For decades, we at HCWC have stressed the importance of believing survivors of sexual assault or relationship violence when they open up and tell their story.
Talking to someone about abuse or trauma can be an overwhelming and incredibly vulnerable act, which is why it is so crucial not to shut someone down by offering suggestions about what a survivor could have done to avoid the situation or asking if it was “really” rape.
Luckily, our attitudes have been shifting as we collectively become more aware of just how widespread abuse and assault are, thanks in large part to the #metoo movement.
Do we give the same reverence when the person alleging abuse is a child? Or when they describe their abuser as one of their own family members? Someone well-liked by the family or community? What about when they tell you that it happened months or years ago?
Many times, our first instinct is to assume that the child is making up the story or maybe had a strange dream. After all, we don’t really want to believe that our child has been a victim of something so terrible, and we also don’t want to believe that this child’s own parent, cousin, family friend, etc. has harmed our child this way. It’s easier to deny.
Child sexual abuse is a crime that too often goes undetected, for a myriad of reasons.
Everything that might keep an adult from disclosing abuse (shame, fear, embarrassment, feeling guilt, etc.) can be greatly enhanced when experienced by a child, but the biggest factor in a child disclosing sexual abuse is whether they feel that they will be believed or not.
It is easier to believe that a child is lying or confused than to think that a good friend, who volunteers at church and has children of their own, could do something as heinous as sexually traumatizing children.
Anyone who has spent time around children knows that yes, they do sometimes lie, but also that they are not very good at it. If there are crayon drawings on the wall, a kid might genuinely think you will consider that a monkey came in and drew it, just to get them in trouble.
Nevertheless, young children do not fabricate stories about being sexually abused, mostly because they should not have the sexual knowledge necessary to make up an accusation. In addition, the victims of sexual abuse often think that they have the most to lose by telling about it.
Abusers regularly tell children that no one will believe them, or threaten severe consequences if they ever tell anyone about the things done to them.
Of course, abusers often begin grooming their victims long before sexual abuse starts, providing gifts and telling a child about how “special” their relationship is. These are just a few (of many) reasons that victims are hesitant to disclose any sexual abuse.
If your child, or anyone’s child, discloses to you that they have been abused or says something that makes you suspicious of child sexual abuse. Here is what you can do:
- Stay Calm – A child telling you about abuse can bring up strong emotions, but if you show them your anger, extreme sadness, or other intense reactions, it can make it harder for them to further disclose. Believe it or not, they want to protect you, too!

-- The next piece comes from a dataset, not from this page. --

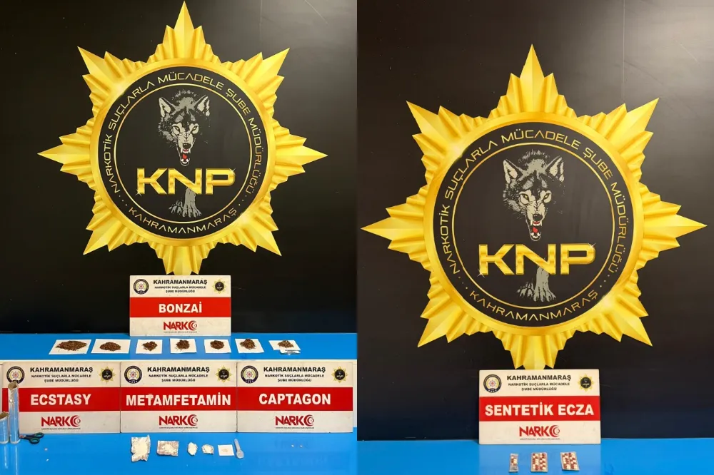 Kahramanmaraş Narkotik Suçlarla Mücadele Şube Müdürlüğü ekipleri, 2 Şubat’ta gerçekleştirdikleri operasyonda 32 adet sentetik ecza hap, 57,29 gram sentetik kannabinoid (bonzai), 3 adet sentetik hap ve 14,08 gram metamfetamin ele geçirdi. Operasyonda ayrıca 2 alüminyum folyo ve 1 makas bulundu.
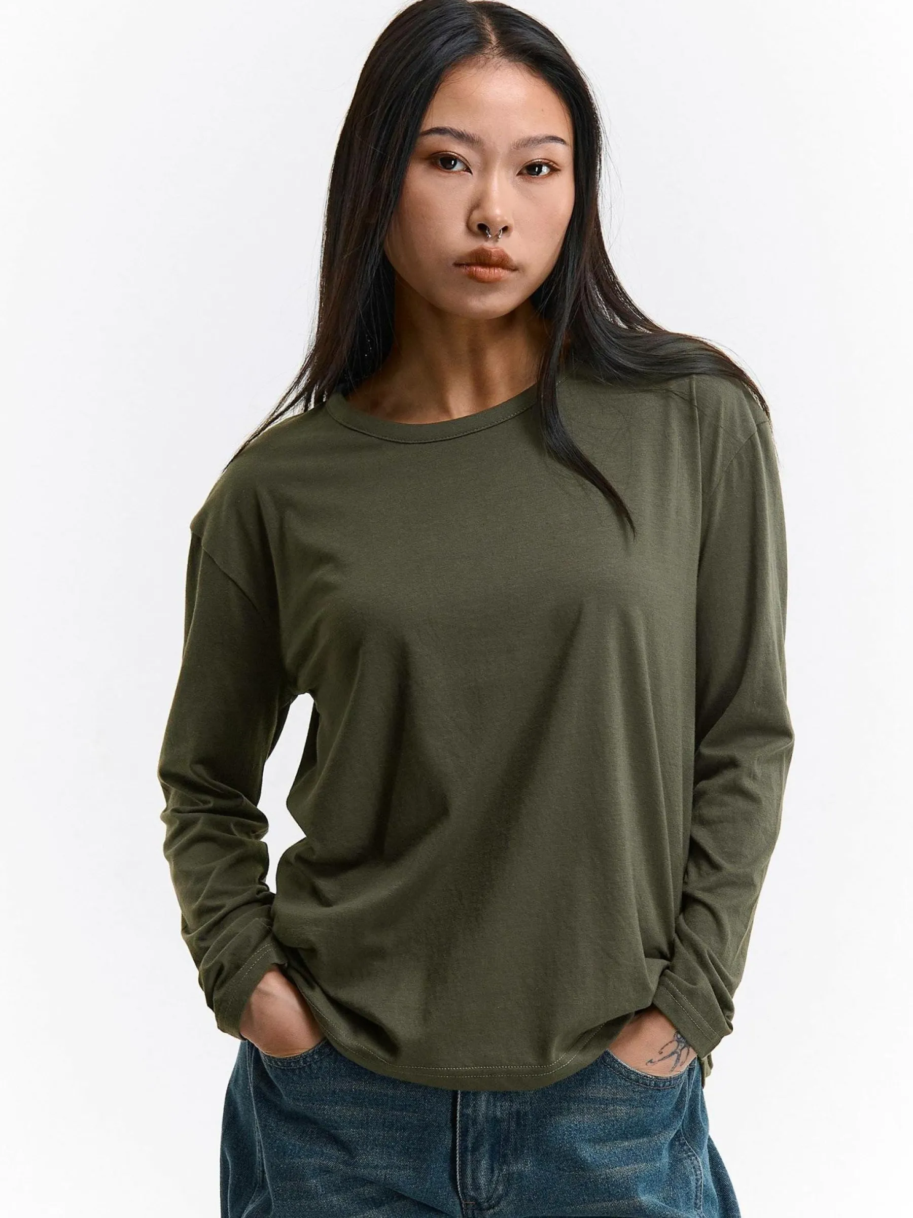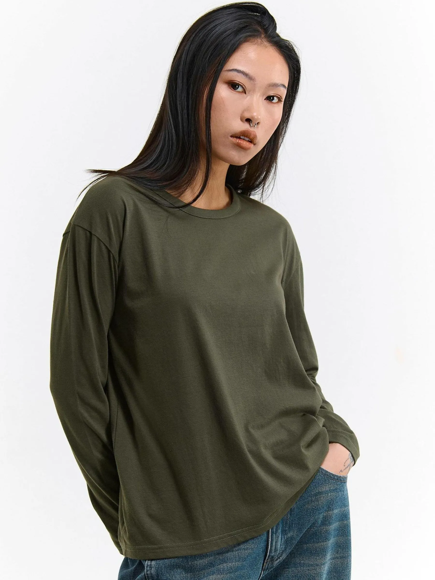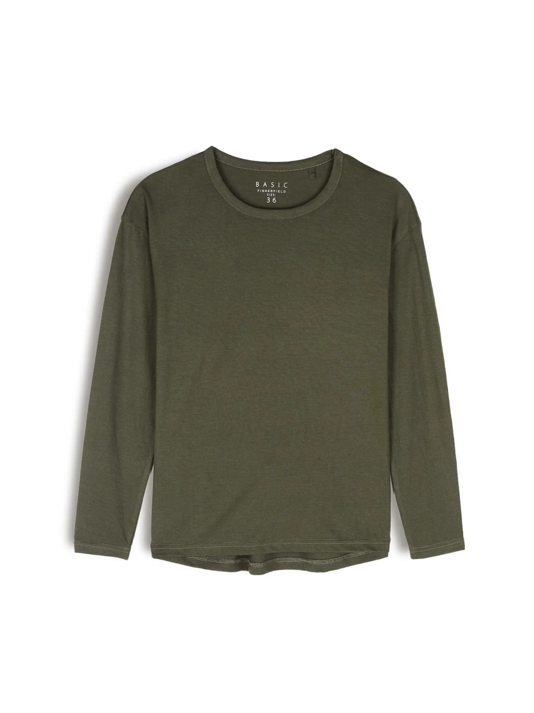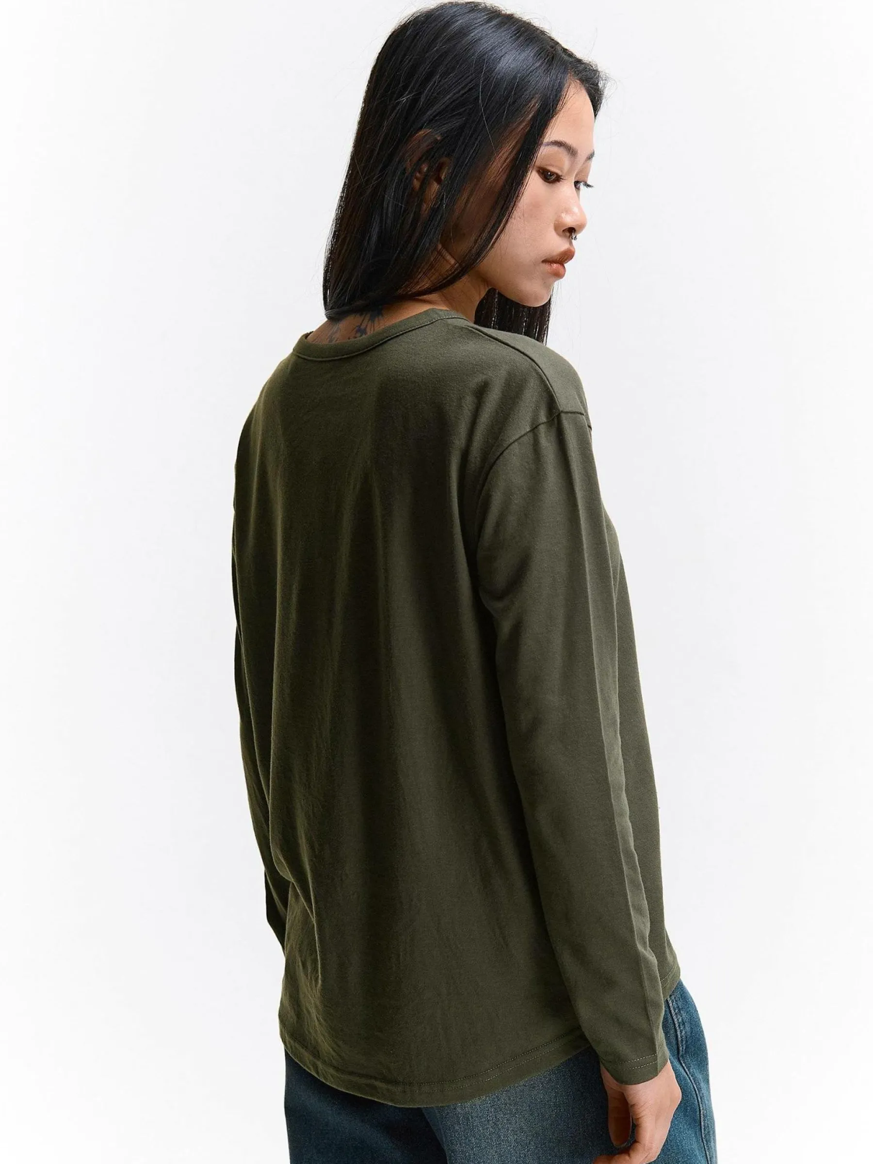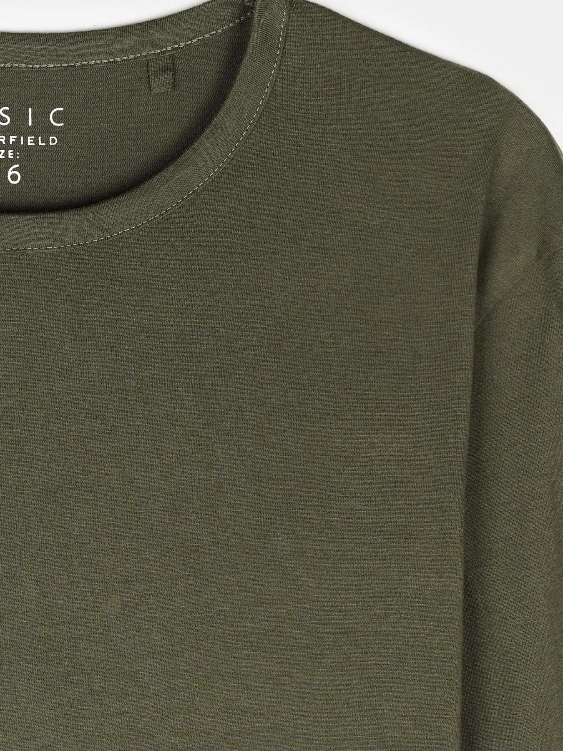 Kolor: khaki, zielonyKrój: regularTyp: koszulkaRekaw: długi rękawDługość: krótkiPattern style: pojedynczy kolorDe…

- Believe Your Child – Tell them you believe them, a powerful statement that any survivor of sexual abuse needs to hear. Also, stress that what happened was not their fault, and praise them for having the courage to talk about it.
- Safeguard – Make sure the abuser does not have access to your child and call the authorities to report sexual abuse. For immediate help, call 911. Report to the Texas Dept. of Family Protective Services by calling 1-800-252-5400 or by using their online Abuse Hotline. Texas law states that anyone who knows or suspects child abuse is mandated to report. Trained professionals know how to respond appropriately like the special trained forensic interviewers at HCWC’s Roxanne’s House program who know how to talk to children about allegations of abuse.
- Seek Help – In some cases, a medical exam may be necessary to make sure that the child’s body is safe, and collect evidence, if applicable. Highly trained, discreet professionals conduct these exams. It is also a good idea to contact a mental health professional. In Hays and Caldwell counties, we at Roxanne’s House have children’s counselors who specialize in abuse trauma. Therapy has been shown to reduce distress on families after sexual abuse.
- Comfort – Remind them that they are loved. Let them know that with whatever happens after you report the abuse, you are there to guide them through it and will help keep them safe.
- Keep them informed – The criminal justice process after an outcry of sexual abuse can be confusing and sometimes traumatizing in its own way. Be sure to keep your child updated. Roxanne’s House also offers preparation for children who have to go to court for their victimization. This includes support and advocacy for protective caregivers.
Thankfully, we know that children are resilient and amazing. With appropriate support, they can heal.